I’ve read some of this Universal Induction article. It seems to operate from flawed premises.
If we prescribe Occam’s razor principle [3] to select the simplest theory consistent with the training
examples and assume some general bias towards structured environments, one can prove that inductive
learning “works”. These assumptions are an integral part of our scientific method. Whether they admit it
or not, every scientist, and in fact every person, is continuously using this implicit bias towards simplicity
and structure to some degree.
Suppose the brain uses algorithms. An uncontroversial supposition. From a computational point of view, the former citation is like saying: “In order for a computer to not run a program, such as Indiana Jones and the Fate of Atlantis, the computer must be executing some command to the effect of “DoNotExecuteProgram(‘IndianaJonesAndTheFateOfAtlantis’)”.

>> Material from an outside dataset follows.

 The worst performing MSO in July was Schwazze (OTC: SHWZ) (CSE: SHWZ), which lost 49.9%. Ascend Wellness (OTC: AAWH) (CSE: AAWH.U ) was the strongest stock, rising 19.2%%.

That’s not how computers operate. They just don’t run the program. They don’t need a special process for not running the program. Instead, not running the program is “implicitly contained” in the state of affairs that the computer is not running it. But this notion of implicit containment makes no sense for the computer. There are infinitely many programs the computer is not running at a given moment, so it can’t process the state of affairs that it is not running any of them.

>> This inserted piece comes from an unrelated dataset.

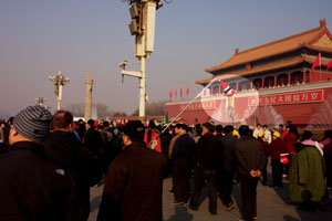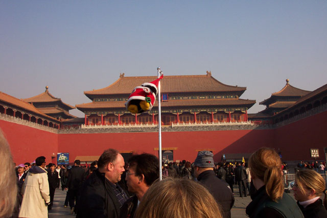 Following the Santa Penguin into the Forbidden City. |

Likewise, the use of an implicit bias towards simplicity cannot be meaningfully conceptualized by humans. In order to know how this bias simplifies everything, one would have to know, what information regarding “everything” is omitted by the bias. But if we knew that, the bias would not exist in the sense the author intends it to exist.
Furthermore:
This is in some way a contradiction to the well-known no-free-lunch theorems which state that, when averaged over all possible data sets, all learning algorithms perform equally well, and actually, equally poorly [11]. There are several variations of the no-free-lunch theorem for particular contexts but they all rely on the assumption that for a general learner there is no underlying bias to exploit because any observations are equally possible at any point. In other words, any arbitrarily complex environments are just as likely as simple ones, or entirely random data sets are just as likely as structured data. This assumption is misguided and seems absurd when applied to any real world situations. If every raven we have ever seen has been black, does it really seem equally plausible that there is equal chance that the next raven we see will be black, or white, or half black half white, or red etc. In life it is a necessity to make general assumptions about the world and our observation sequences and these assumptions
generally perform well in practice.
The author says that there are variations of the no free lunch theorem for particular contexts. But he goes on to generalize that the notion of no free lunch theorem means something independent of context. What could that possibly be? Also, such notions as “arbitrary complexity” or “randomness” seem intuitively meaningful, but what is their context?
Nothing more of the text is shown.